In summary, a ceramic susceptor according to an aspect of the present disclosure may include: an insulating plate having an electrode disposed thereon; a base body bonded to the insulating plate and having a purge flow path; a hollow shaft bonded to the base body and having at least one first through hole in a side wall thereof, wherein the at least one first through hole is in communication with the purge flow path; and a power supply rod connected to the electrode and extending through an internal space of the hollow shaft. The purge flow path may include: a calibration hole for flow path correction; a calibration flow path extending from the at least one first through hole to the calibration hole; and at least one flow path extending from the calibration hole to an edge of the base body.

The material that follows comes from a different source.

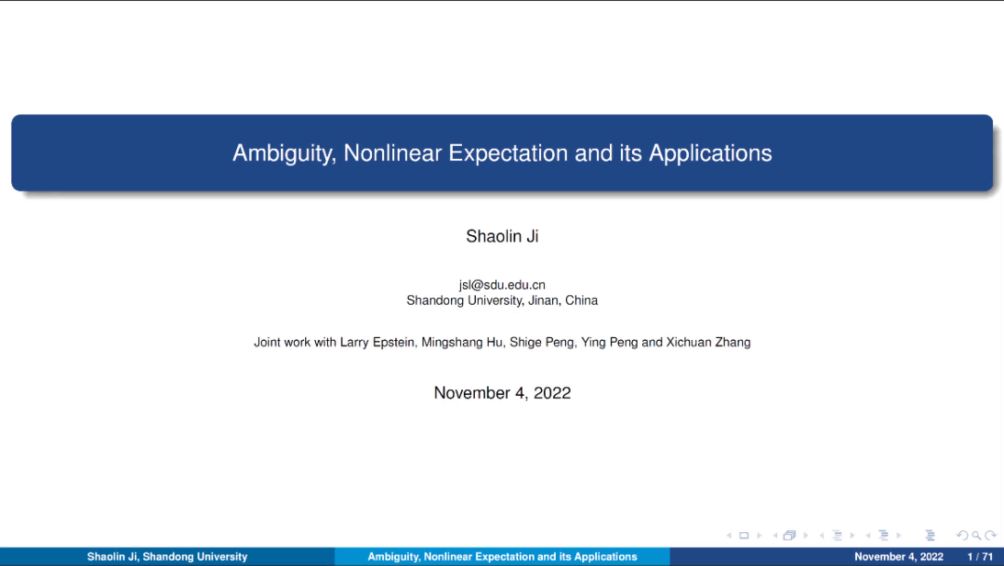 2022年11月4日,山东大学嵇少林教授应我院邀请进行了以“Ambiguity, Nonlinear Expectation and Its Applications”为主题的讲座。
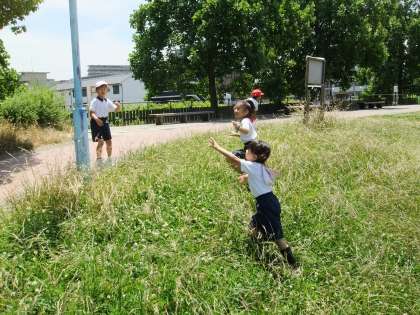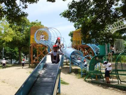 シロツメグサで指輪や首飾りを作ったり、モンシロチョウを追いかけたりして遊ぶ姿が見られました。大きな遊具でも遊び、大きなローラーすべり台や、うんていなどで楽しく遊ぶことができました。

The at least one flow path may include a plurality of branch flow paths radially extending from the calibration hole to the edge of the base body.

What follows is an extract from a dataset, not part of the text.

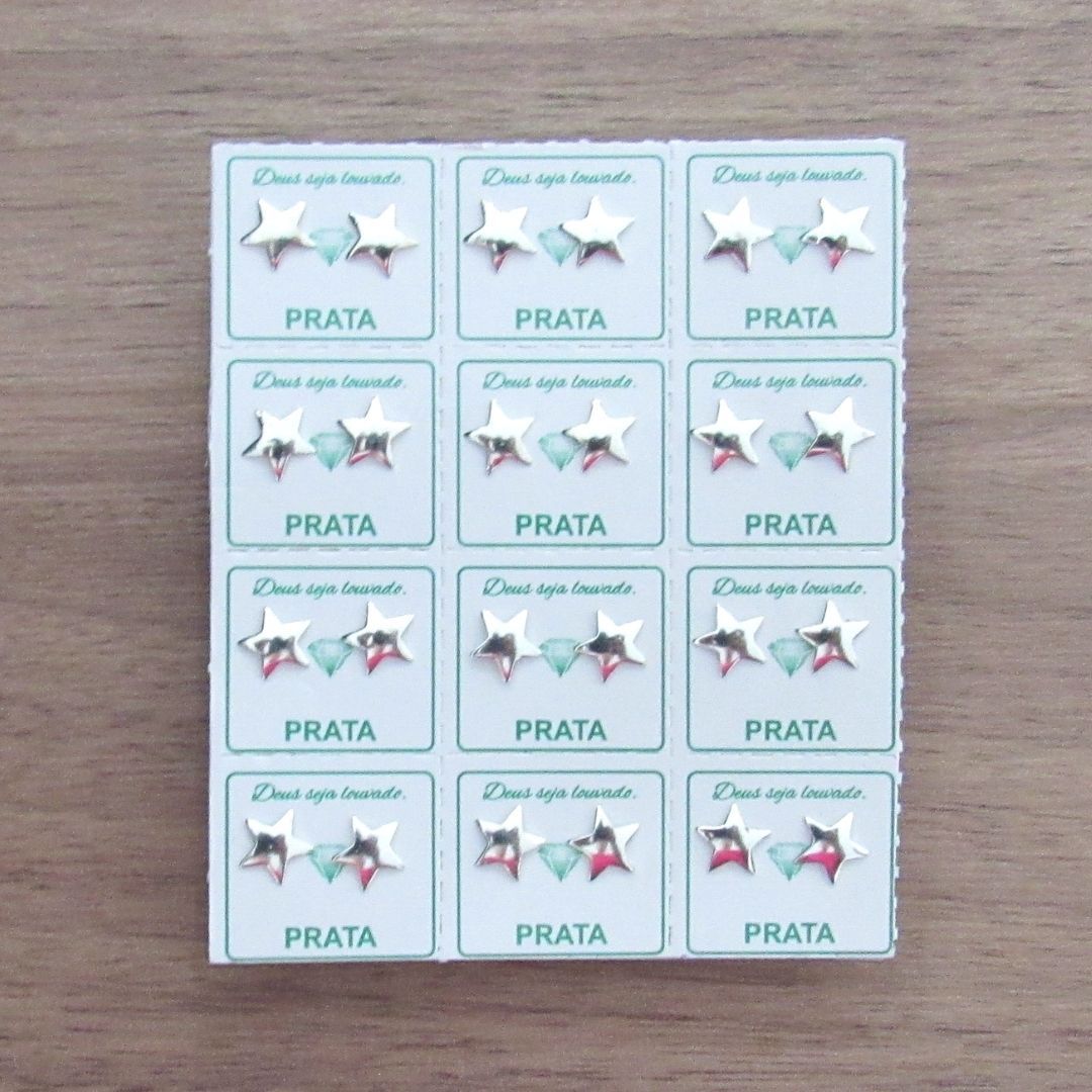 KIT 12 BRINCOS DE PRATA ESTRELA

The plurality of branch flow paths may be disposed symmetrically with respect to the calibration hole.

The calibration hole may be located at the center of the base body.

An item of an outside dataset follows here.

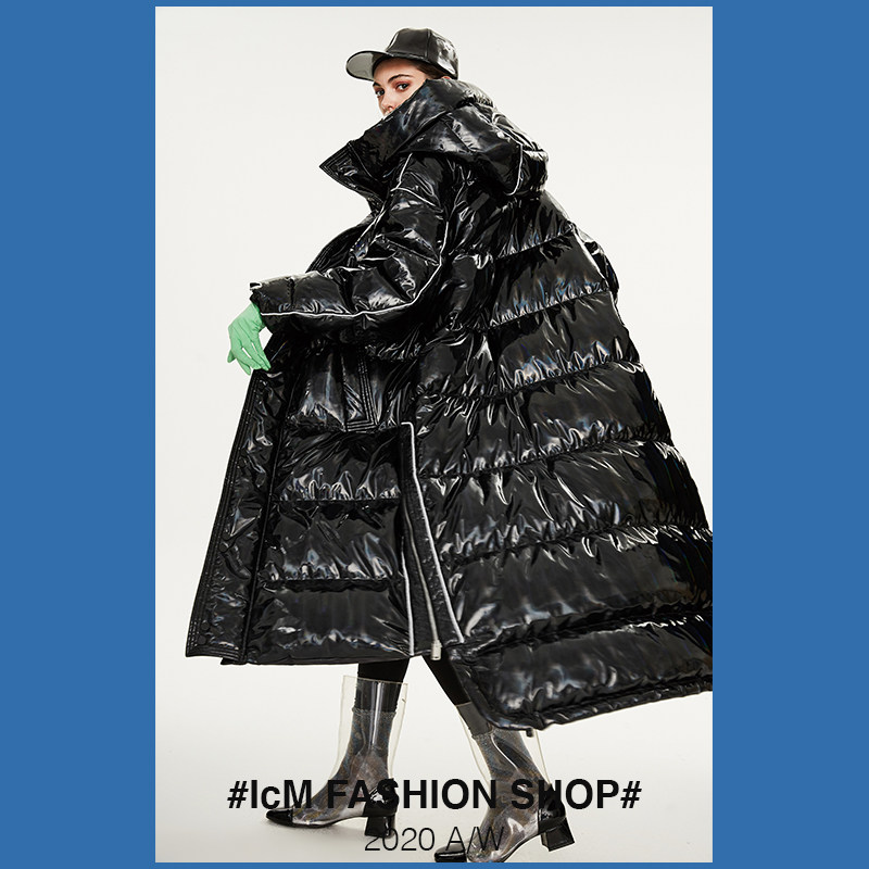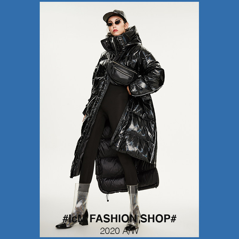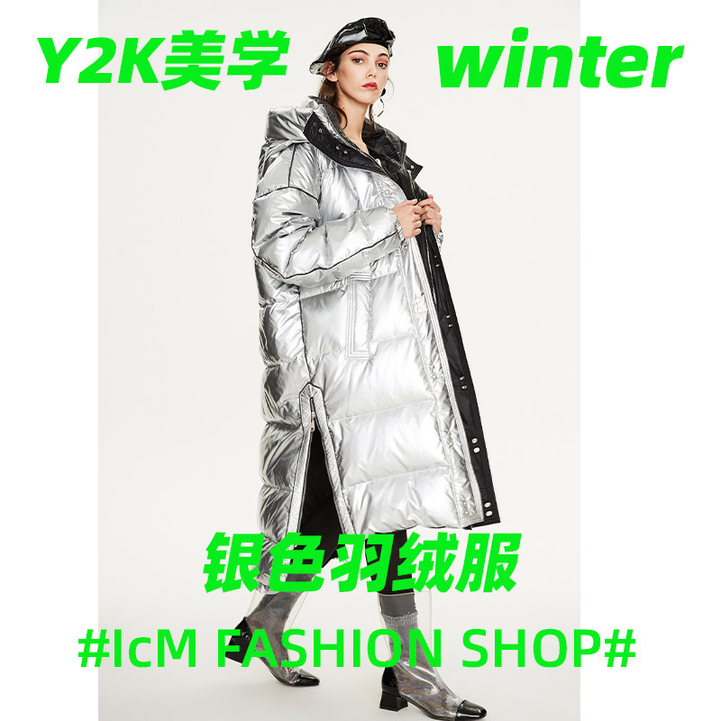 Laser bright silver down jacket 2021 New Men and women loose knee long version thickened northeast winter disposable
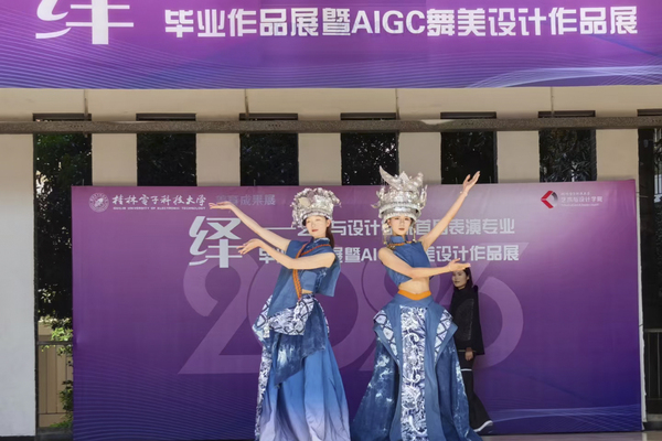 展览由学院2025届31名表演专业毕业生精心创作完成,围绕“绎”这一主题,融合传统与现代、艺术与科技,展示了服装设计与舞台美术的创新成果。活动分为静态展区与动态展演两部分,其中动态走秀生动演绎了服装背后的设计理念与情感表达,静态展区展示服装设计与基于AIGC舞美设计作品。展览时间持续到10月份,地点在41教一区一楼。

The at least one first through hole includes two or more through holes formed in the side wall of the hollow shaft, and respective calibration flow paths extending from the two or more through holes intersect at the calibration hole.

A purging function may be performed by maintaining the first through hole at a positive-pressure higher than atmospheric pressure.

The susceptor may further include a first through flow path penetrating between a top surface of the insulating plate and a bottom surface of the base body, and the hollow shaft further may include, in the side wall, at least one second through hole in communication with the first through flow path.

A substrate disposed on the insulating plate may be adsorbed by maintaining the second through hole at a negative-pressure lower than atmospheric pressure.

The electrode may be at least one of a plasma generation electrode, an electrostatic chuck electrode, or a heating element electrode.

The base body may include: a first layer including the calibration flow path extending from the at least one first through hole to the calibration hole; and a second layer including the calibration hole and the at least one flow path extending from the calibration hole to the edge of the base body.

The susceptor may further include a first through flow path penetrating through the first layer and the second layer from a top surface of the insulating plate, and the hollow shaft further may include, in the side wall, at least one second through hole in communication with the first through flow path.

The base body may include: a first layer including the calibration flow path extending from the at least one first through hole to the calibration hole; a second layer including the calibration hole; and a third layer including the at least one flow path extending from the calibration hole to the edge of the base body.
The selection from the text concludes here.